COURSES_PATH = "1-knowledge-graphs-vectors/data/asciidoc"

loader = DirectoryLoader(COURSES_PATH, glob="**/lesson.adoc", loader_cls=TextLoader)
docs = loader.load()

text_splitter = CharacterTextSplitter(
    separator="\n\n",
    chunk_size=1500,
    chunk_overlap=200,
    add_start_index=True
)

chunks = text_splitter.split_documents(docs)
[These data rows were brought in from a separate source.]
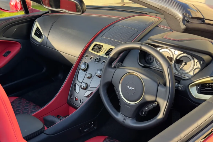The car is powered by Aston Martin's renowned 5.9L V12 engine, producing 592 horsepower, ensuring thrilling performance. Paired with the third-generation Touchtronic, eight-speed, paddle-shift transmission, it offers a driving experience like no other, with power directed to the rear wheels for ultimate driving precision.
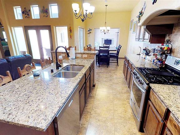 Check out this custom built home with high ceilings with large open great room for entertaining, bonus room/man cave with wet bar, and a spacious back patio/out door kitchen. This home has custom cabinets with granite counter tops and lots of decorative tile work throughout that you must see. Home boasts stainless appliances w/ gas stove, dark stained wood doors and trim that give this home that Tuscany feel. New landscaping in back yard with green grass for the kids/pets. Over sized double garage. Do not miss out on this beautiful home in newer north neighborhood in Hobbs! Seller will pay up to $3000 in closing costs with reasonable offer. Schedule your appointment today!
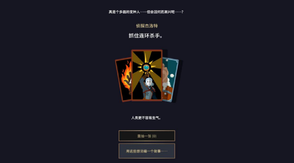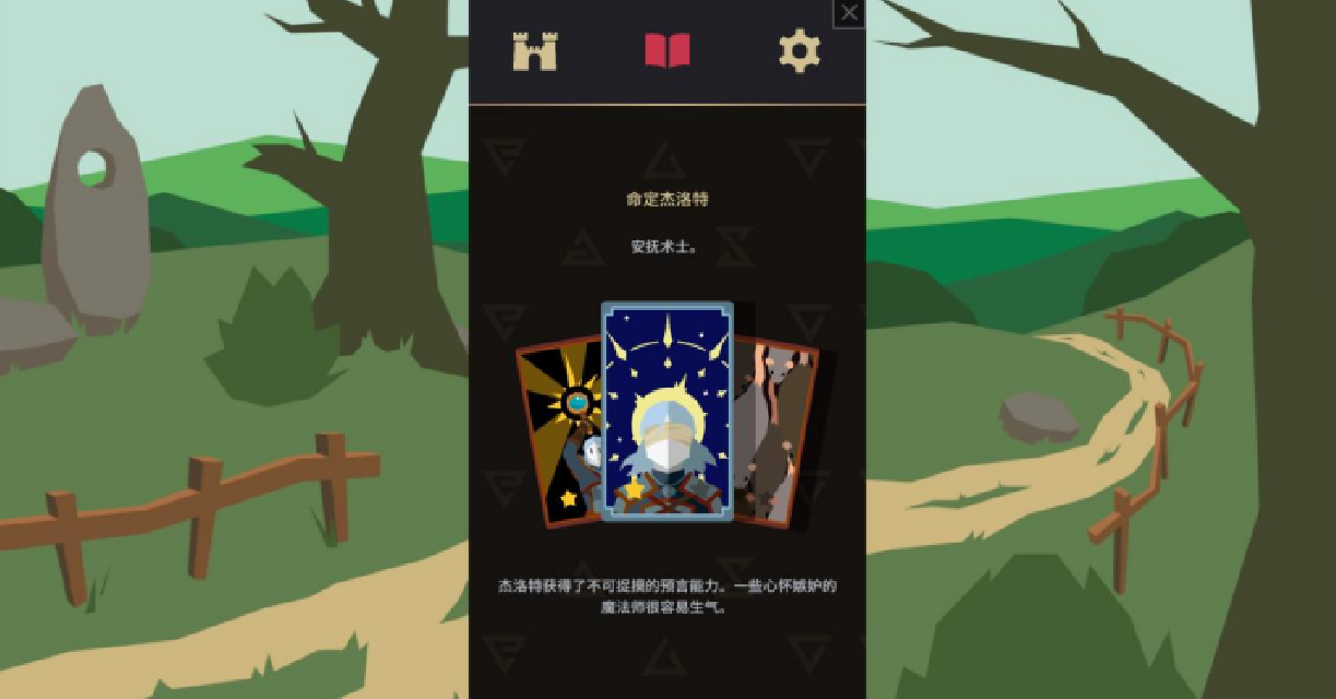 比如你可能在游戏中抽取到“凡人杰洛特”,那在故事中,杰洛特“猎魔人”的种族身份会变成凡人,同时增加人类角色对杰洛特的亲和度——不过因为《王权》的所谓“故事”本来就没有什么文本量,所以这个设定换句话说就是可以在某些选项中影响玩家获得的点数。
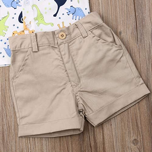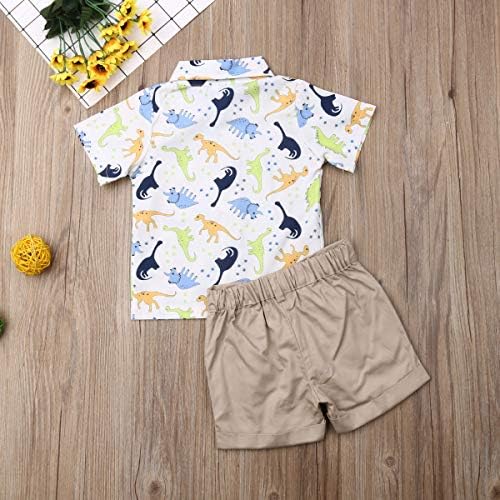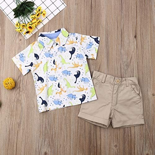 Toddler Boy Animal Dinosaur Print Short Sleeve Button Shirt+Woven Shorts Set 2 Piece Outfits Set Formal Clothes Set
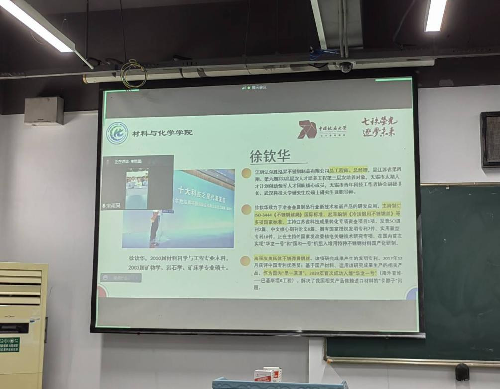 11月10日下午,我院2000届优秀校友,江阴法尔胜泓昇不锈钢制品有限公司总工程师、总经理,武汉科技大学研究生学院硕士研究生兼职导师徐钦华先生为同学们做分享。
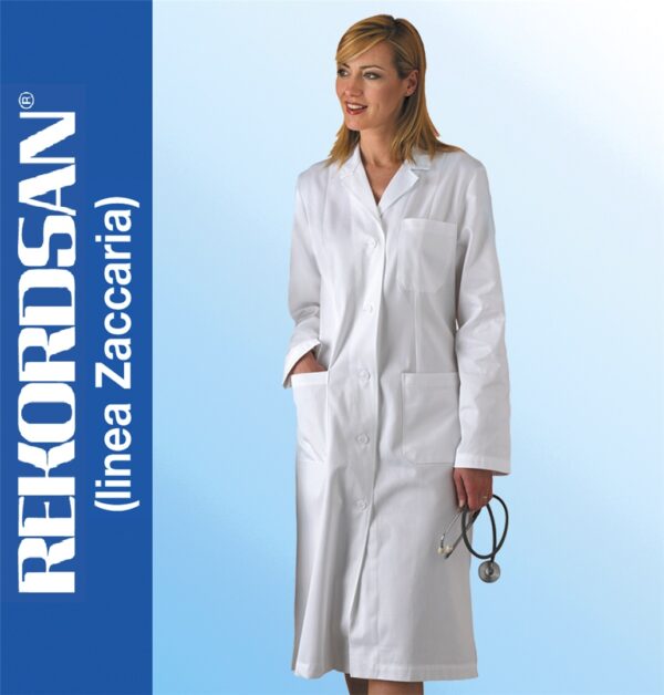Camice Donna, 100 % cotone gabardine con trattamento sanforizzato e dichiarazione di assenza di sostanze e materiali nocive.
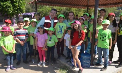 Hermosillo, Sonora.- Como parte de las actividades que realiza a favor de la comunidad, el Voluntariado Infantil de la Secretaría de Salud, plantó alrededor de 30 árboles en el parque de la colonia Hacienda de la Flor en Hermosillo.
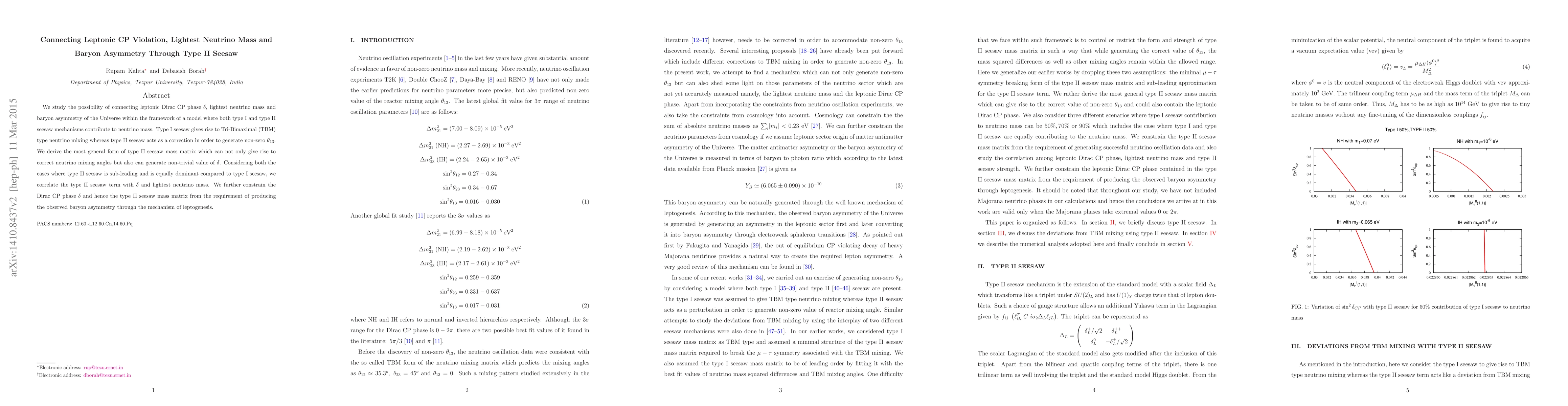 This paper explores a model combining type I and type II seesaw mechanisms to link leptonic CP violation, the lightest neutrino mass, and the Universe's baryon asymmetry. It derives a general type II seesaw mass matrix that influences neutrino mixing and CP phase, while also ensuring the generation of observed baryon asymmetry via leptogenesis.
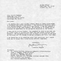 - Petition from residents of Arrow & Bow St. relative to disturbance created by patrons of Charlie's Place on Bow St.
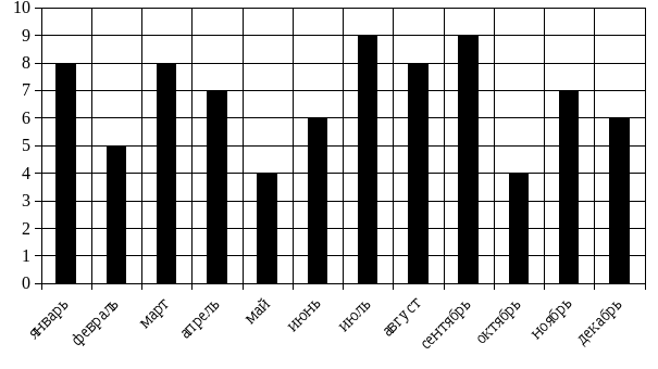 | Месяц | Январь | Февраль | Март | Апрель | Май | Июнь | Июль | Август | Сентябрь | Октябрь | Ноябрь | Декабрь |
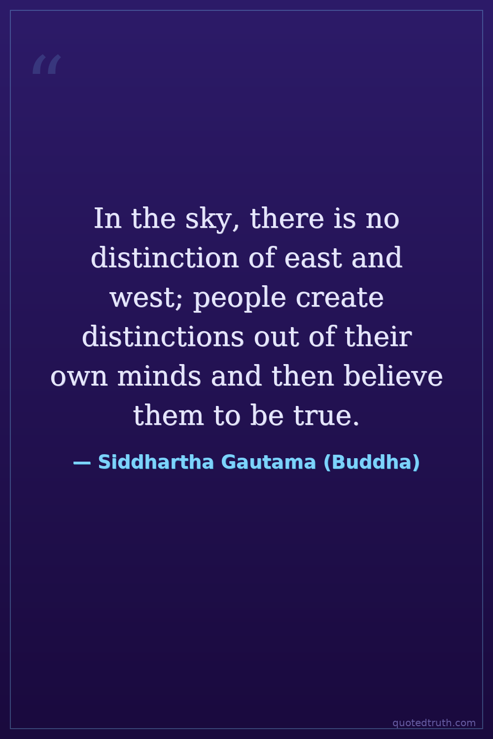 In the sky, there is no distinction of east and west; people create distinctions out of their own minds and then believe them to be true.
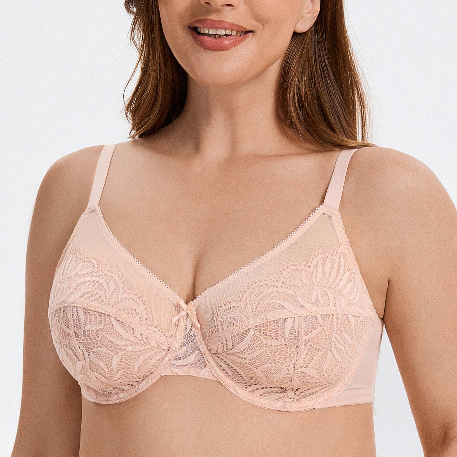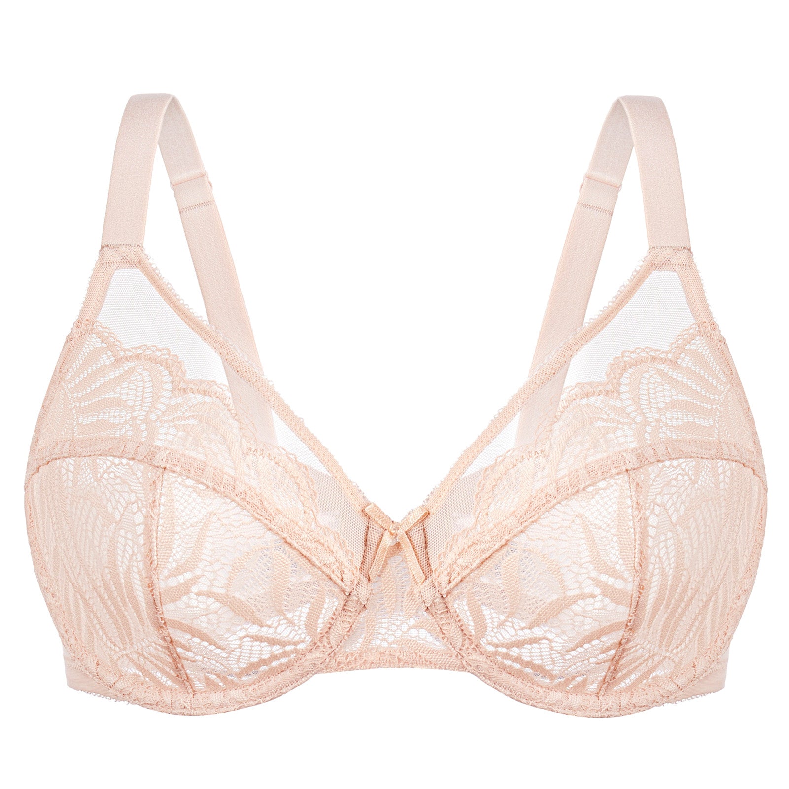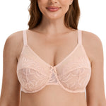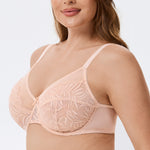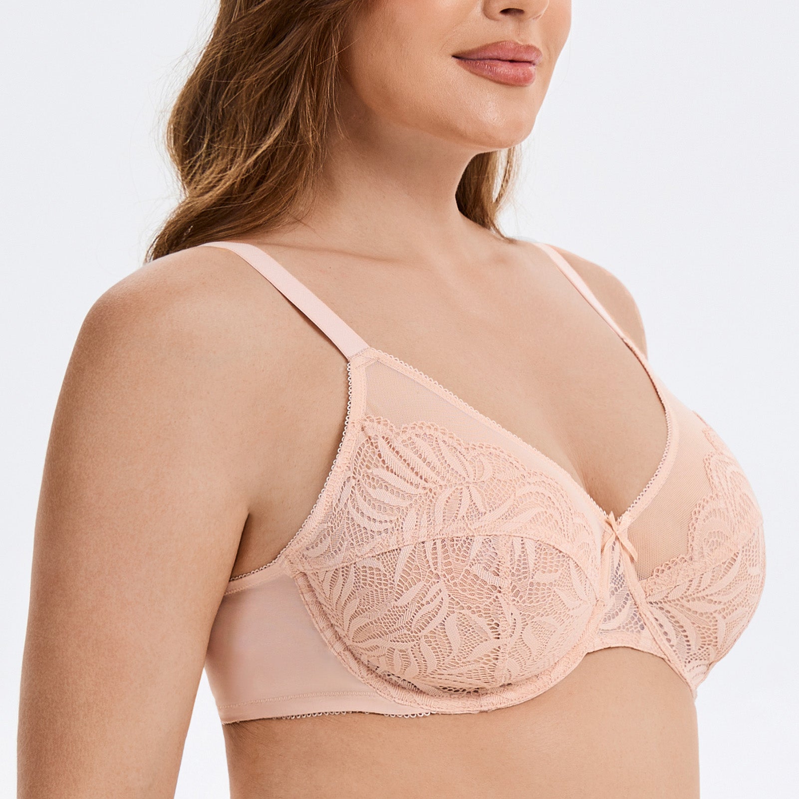 MELENECA Women's Minimizer Bras for Large Bust Underwire Plus Size Full Coverage Lace Bras Beige

embedding_provider = OpenAIEmbeddings(
    openai_api_key=os.getenv('OPENAI_API_KEY'),
    model="text-embedding-ada-002"
    )

def get_course_data(embedding_provider, chunk):
    filename = chunk.metadata["source"]
    path = filename.split(os.path.sep)

    data = {}
    data['course'] = path[-6]
    data['module'] = path[-4]
    data['lesson'] = path[-2]
    data['url'] = f"https://graphacademy.neo4j.com/courses/{data['course']}/{data['module']}/{data['lesson']}"
    data['id'] = f"{filename}.{chunk.metadata["start_index"]}"
    data['text'] = chunk.page_content
    data['embedding'] = embedding_provider.embed_query(chunk.page_content)
    return data

graph = Neo4jGraph(
    url=os.getenv('NEO4J_URI'),
    username=os.getenv('NEO4J_USERNAME'),
    password=os.getenv('NEO4J_PASSWORD')
)

def create_chunk(graph, data):
    graph.query("""
        MERGE (c:Course {name: $course})
        MERGE (c)-[:HAS_MODULE]->(m:Module{name: $module})
        MERGE (m)-[:HAS_LESSON]->(l:Lesson{name: $lesson, url: $url})
        MERGE (l)-[:CONTAINS]->(p:Paragraph{id: $id, text: $text})
        WITH p
        CALL db.create.setNodeVectorProperty(p, "embedding", $embedding)
        """, 
        data
    )

for chunk in chunks:
    data = get_course_data(embedding_provider, chunk)
    create_chunk(graph, data)
    print("Processed chunk", data['id'])

Run the code to create the graph.

The program will take a minute or two to complete as it creates the embeddings for each paragraph.

Explore the graph

View the graph by running the following Cypher:

cypher
MATCH (c:Course)-[:HAS_MODULE]->(m:Module)-[:HAS_LESSON]->(l:Lesson)-[:CONTAINS]->(p:Paragraph)
RETURN *
Result from the Cypher

Create vector index

You will need to create a vector index to query the paragraph embeddings.

cypher
Create Vector Index
CREATE VECTOR INDEX paragraphs IF NOT EXISTS
FOR (p:Paragraph)
ON p.embedding
OPTIONS {indexConfig: {
 `vector.dimensions`: 1536,
 `vector.similarity_function`: 'cosine'
}}

Query the vector index

You can use the vector index and the graph to find a lesson to help with specific questions:

cypher
Find a lesson
WITH genai.vector.encode(
    "How does RAG help ground an LLM?",
    "OpenAI",
    { token: "sk-..." }) AS userEmbedding
CALL db.index.vector.queryNodes('paragraphs', 6, userEmbedding)
YIELD node, score
MATCH (l:Lesson)-[:CONTAINS]->(node)
RETURN l.name, l.url, score

Summary

You created a graph of the course content using the Neo4j and LangChain.